- Born: 1921 Montreal, Quebec, Canada
- Died: June 8, 1996 Vancouver, British Columbia, Canada
- Occupation(s): broadcaster, journalist

= Pat Burns (broadcaster) =

Canadian radio personality (1921–1996)

Patrick Burns (1921 – June 8, 1996) was a Canadian radio talk show host and newspaper reporter. He was born in Montreal, Quebec, but began his radio career in England with the BBC as a sports reporter covering the world hockey championships in London in 1949. After working for a time as a news/sports reporter for the Vancouver Province, he worked as the News/Sports Director for CKLG in Vancouver, BC, from 1955 to 1963. On May 13, 1963, the "Burns Hot Line" made its debut on CJOR in Vancouver, BC, which earned him recognition as one of Canadian radio's most fascinating and dynamic radio personalities.

In 1965, Pat hosted a series of programs from Selma, Alabama, where Martin Luther King Jr. was helping to change the United States forever. He was fired a short while after those historic broadcasts. His dismissal was widely protested but the decision stood, and Pat returned briefly to newspaper reporting before joining CKGM in Montreal later in the decade.

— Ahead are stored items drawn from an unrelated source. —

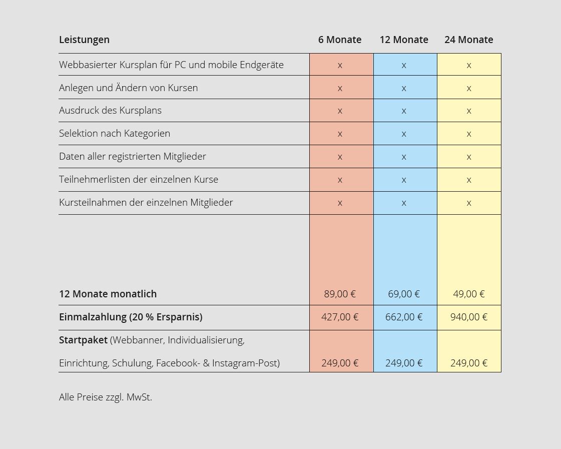 • Der Kursplan kann jederzeit von Ihnen geändert werden und steht dann sofort online in der neuen Version zur Verfügung.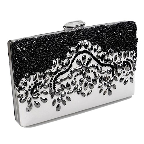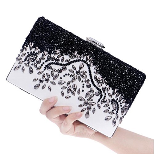 -. Title : EPLAZA Women Black Rhinestone Beaded Clutch Bags Bridal Wedding Crystal Handbags Purse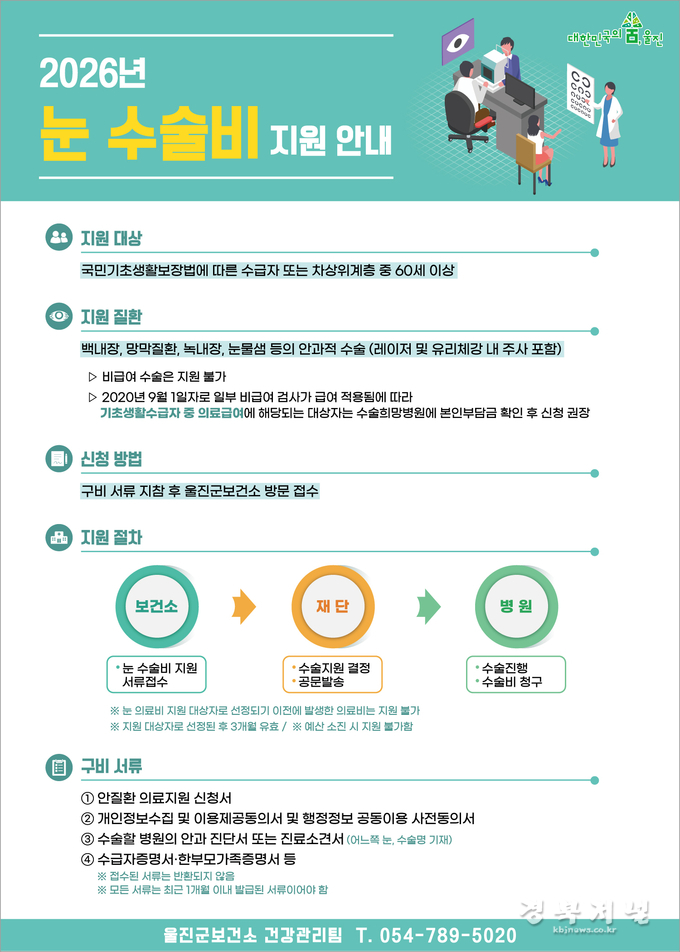 울진군은 60세 이상 저소득층 어르신을 대상으로 2026년 백내장 등 눈 수술비 지원사업을 추진해 노년기 시력 보호와 의료비 부담 완화에 나선다.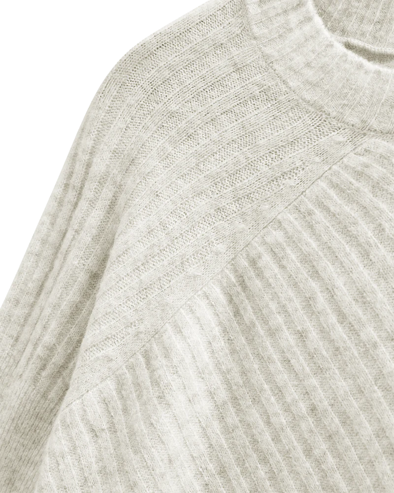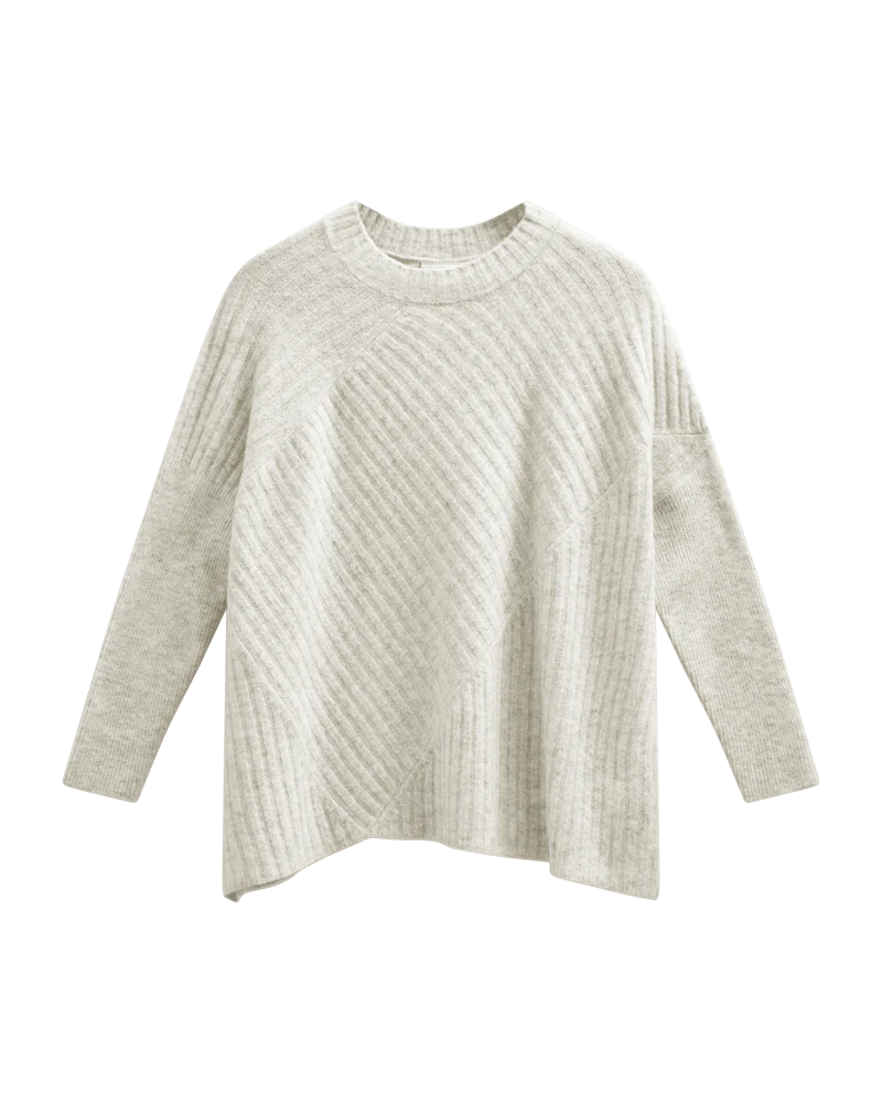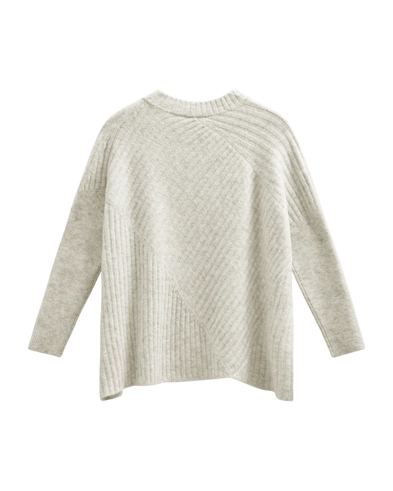 Tröja i ett ribbat material med asymmetrisk skärning. Tröjan har en enkel silhuett med smala, långa ärmar, ribbad krage och en elegant, lös passform.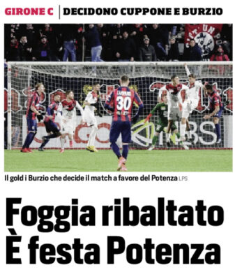 L'edizione odierna de "Il Corriere dello Sport" si sofferma sulla vittoria del Potenza sul Foggia. Il Potenza torna a gioire...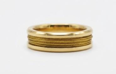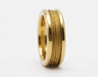 This genuine Gold Plated Tungsten Carbide ring is inlaid with genuine Gold Fishing Line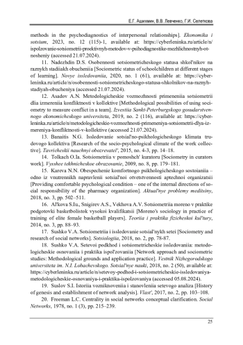 12. 	Асадов, А.Н. Методологические возможности применения социометрии для измерения конфликтности в коллективе [Электронный ресурс] / А.Н. Асадов // Известия СПбГЭУ. - 2019. - № 2 (116). - URL: https://cyberleninka.ru/article/n/metodologicheskie-vozmozhnosti-primeneniya-sotsiometrii-dlya-izmereniya-konfliktnosti-v-kollektive (дата обращения: 21.07.2024).
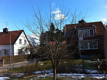 Nu är det beskärningstider igen! Ett äppelträd som det här med lagom mycket tillväxt fungerar bra att beskära nu på vårvintern. En lätt gallring och inkortning av grenar för att trädet ska behålla storleken och formen. Till höger syns trädet innan beskärning.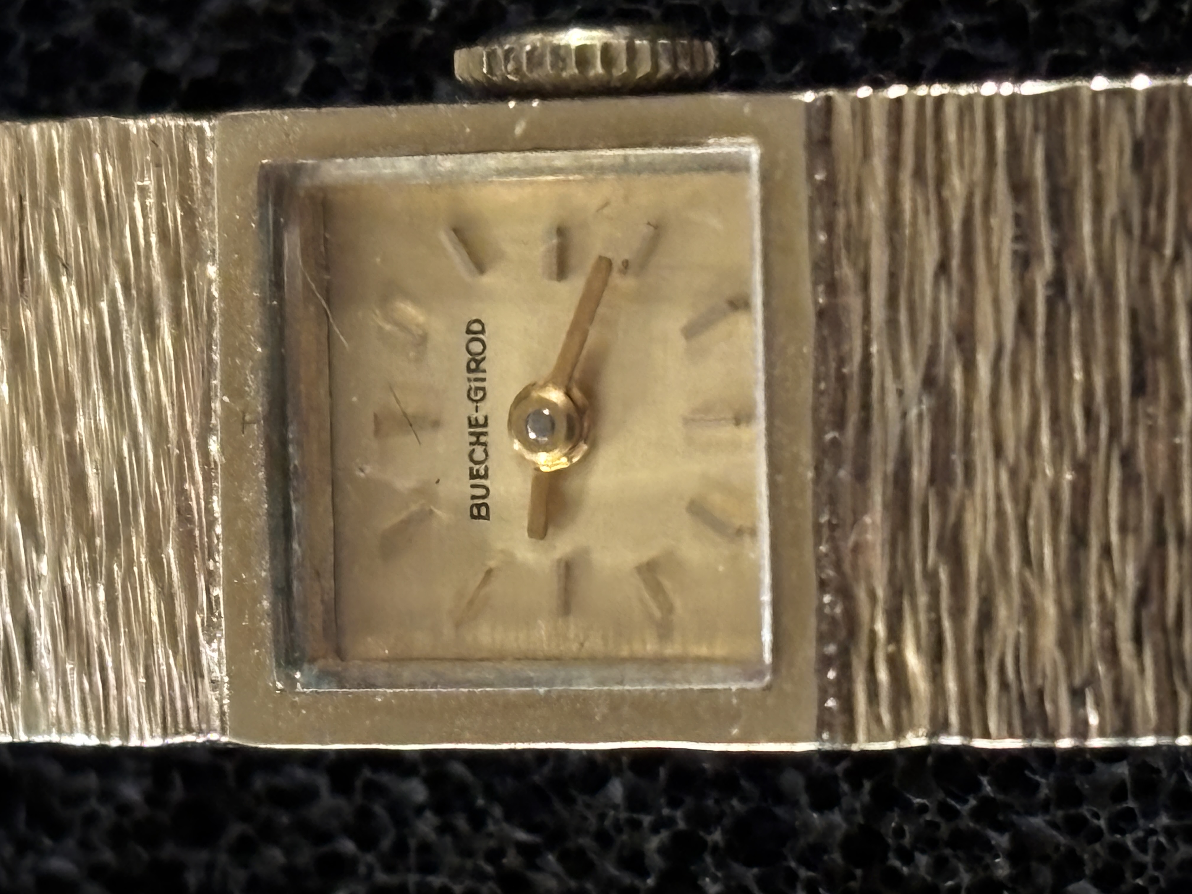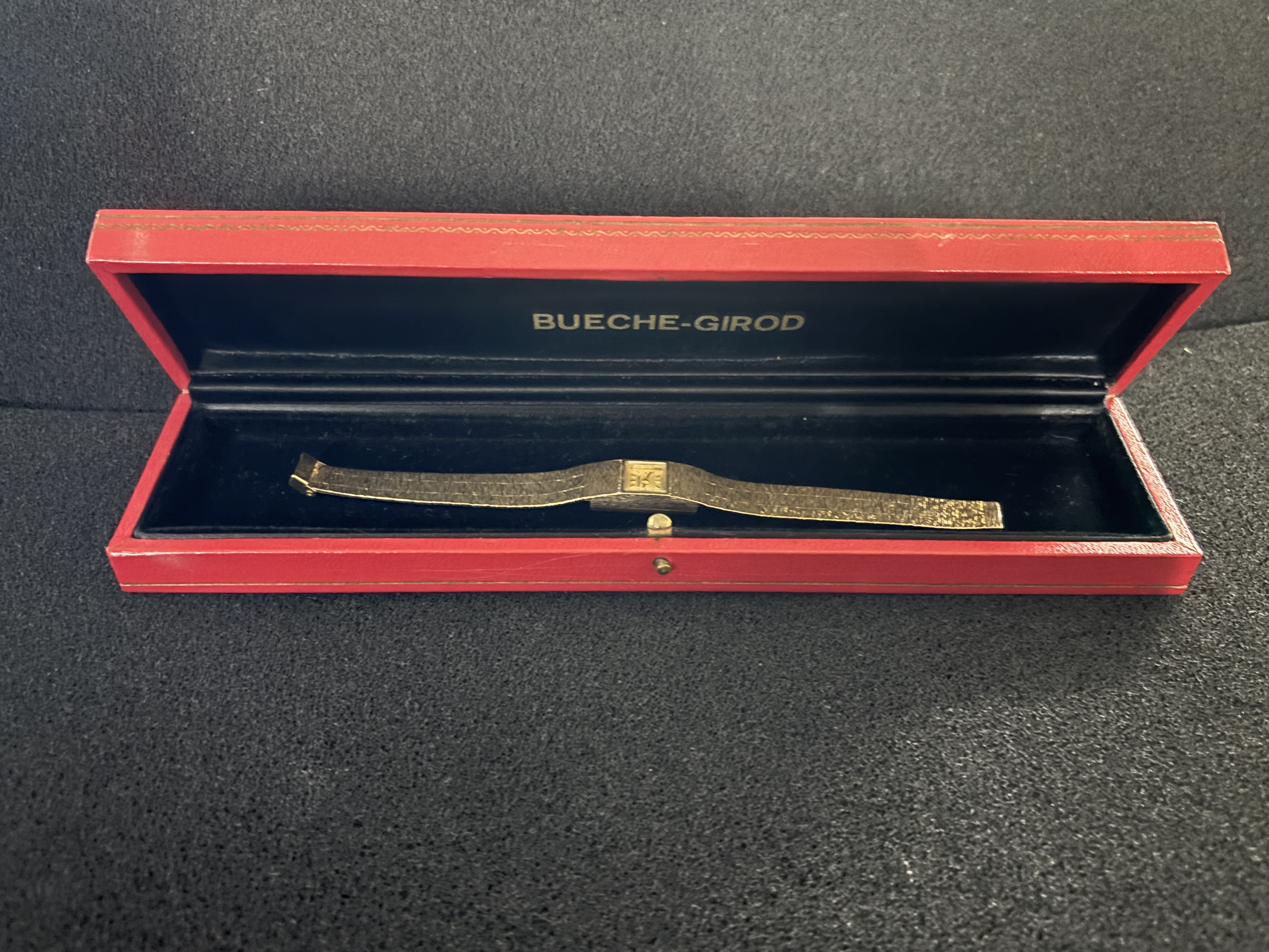 A ladies Beuche-Girod 9ct gold wristwatch in original box weighing 27 gms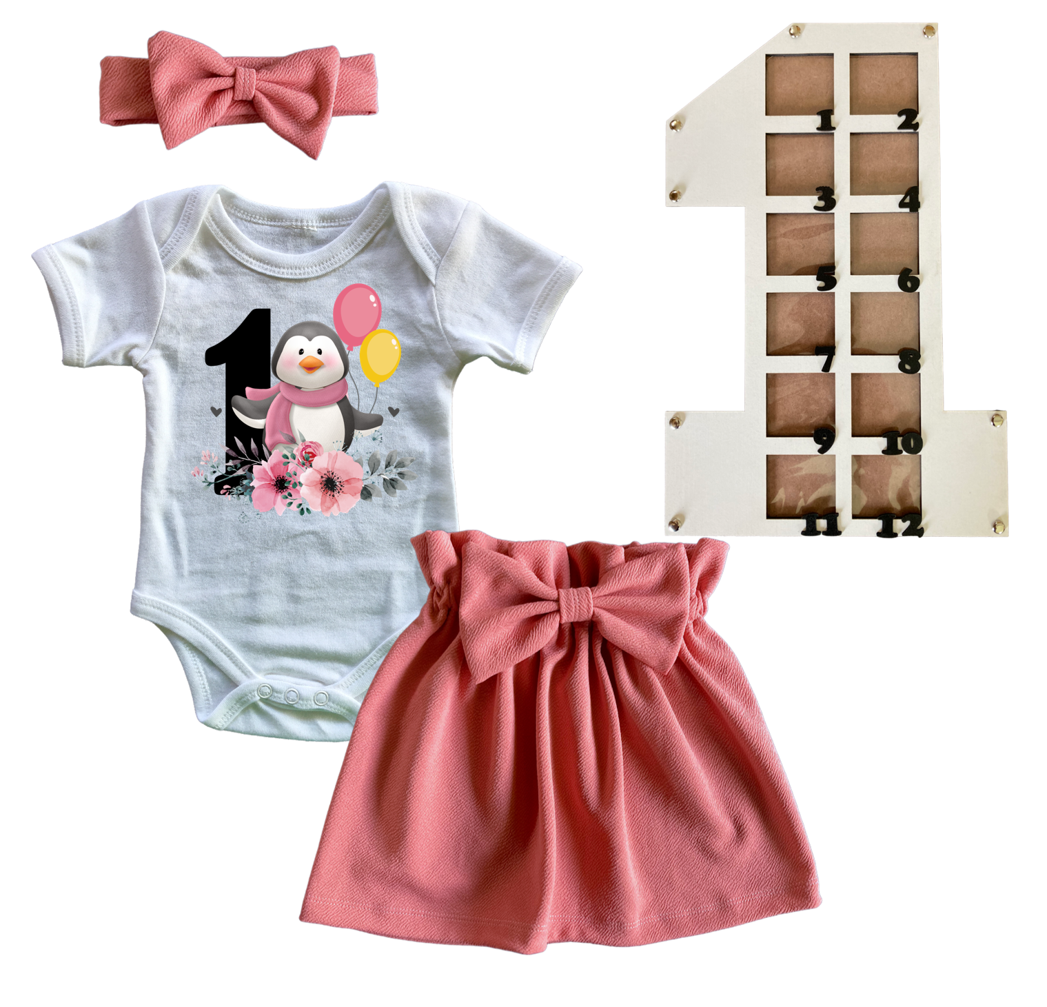 1st Birthday | Skirt, vest & Headband | Photo Frame | Pink | Penguin 1st

The "Burns Hot Line" returned to the air for a while between 1969 and 1976 after which he did news and commentary.

The "Hot Line" returned to CJOR in Vancouver in 1980. Burns once worked at CKO, the Canadian news radio network.

In 1996 Pat Burns was inducted into the Canadian Association of Broadcasters Hall of Fame following his death earlier that year in Vancouver, British Columbia.